**Task brief:** The range runs from the line containing "JAめぐみので公的年金のお受" through the last line of the material below; retype it exactly, leaving out the pictures.

**Material for this task:**
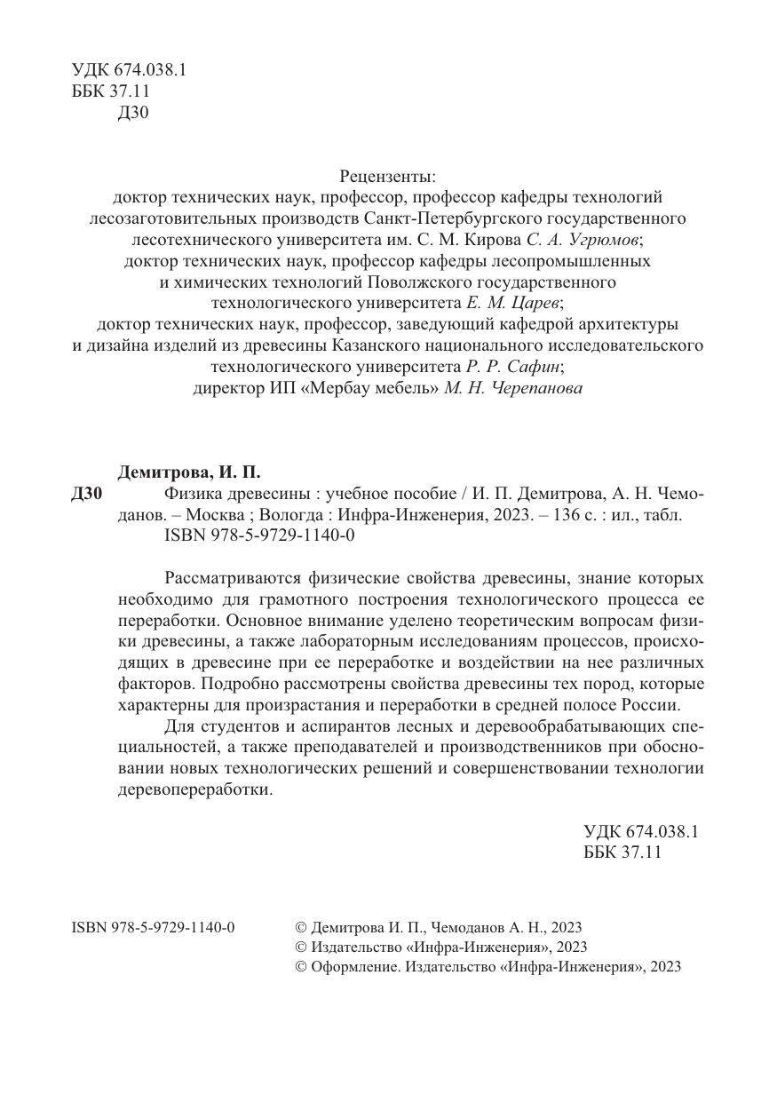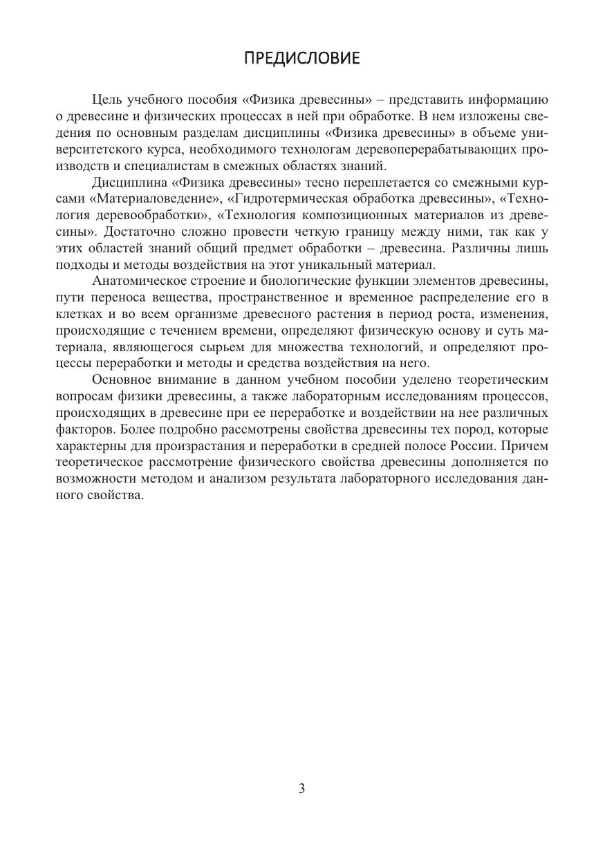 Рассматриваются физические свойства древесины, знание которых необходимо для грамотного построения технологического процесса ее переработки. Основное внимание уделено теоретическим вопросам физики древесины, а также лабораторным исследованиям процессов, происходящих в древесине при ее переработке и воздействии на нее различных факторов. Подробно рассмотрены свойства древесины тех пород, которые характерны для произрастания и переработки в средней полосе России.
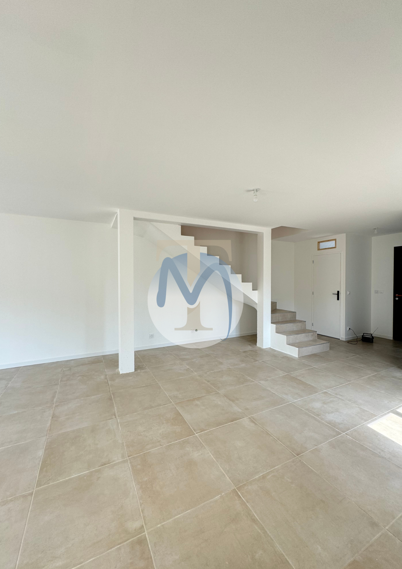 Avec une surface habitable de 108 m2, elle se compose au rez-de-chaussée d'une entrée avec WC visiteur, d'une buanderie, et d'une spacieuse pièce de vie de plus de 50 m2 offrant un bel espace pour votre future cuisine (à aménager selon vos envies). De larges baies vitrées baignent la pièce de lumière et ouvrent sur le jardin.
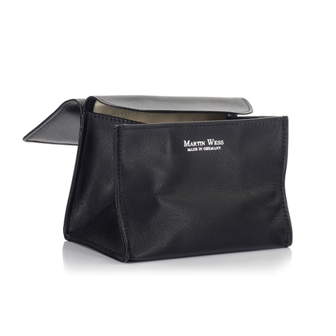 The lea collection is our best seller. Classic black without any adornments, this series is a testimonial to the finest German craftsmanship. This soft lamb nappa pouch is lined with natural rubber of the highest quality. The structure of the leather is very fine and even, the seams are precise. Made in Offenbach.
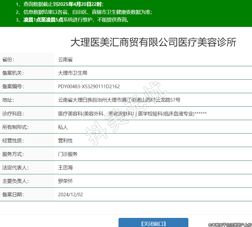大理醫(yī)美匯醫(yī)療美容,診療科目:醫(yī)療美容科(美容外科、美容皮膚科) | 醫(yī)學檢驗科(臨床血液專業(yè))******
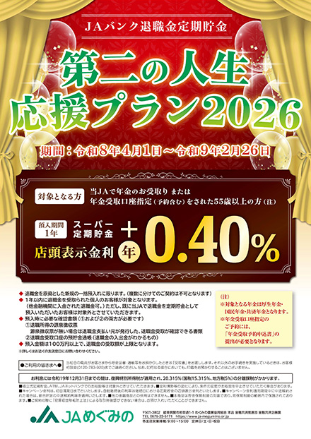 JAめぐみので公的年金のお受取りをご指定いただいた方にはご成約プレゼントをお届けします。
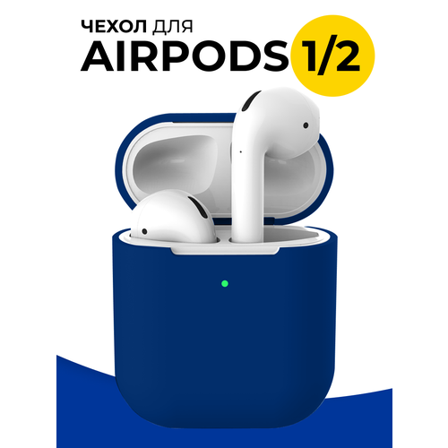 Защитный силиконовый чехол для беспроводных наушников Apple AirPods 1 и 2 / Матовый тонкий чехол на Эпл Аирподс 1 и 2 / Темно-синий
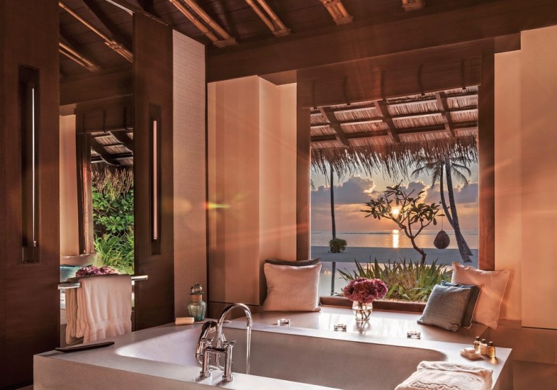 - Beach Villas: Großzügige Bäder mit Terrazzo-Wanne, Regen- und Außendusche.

**Solution to this exercise:**
 JAめぐみので公的年金のお受取りをご指定いただいた方にはご成約プレゼントをお届けします。
 Защитный силиконовый чехол для беспроводных наушников Apple AirPods 1 и 2 / Матовый тонкий чехол на Эпл Аирподс 1 и 2 / Темно-синий
 - Beach Villas: Großzügige Bäder mit Terrazzo-Wanne, Regen- und Außendusche.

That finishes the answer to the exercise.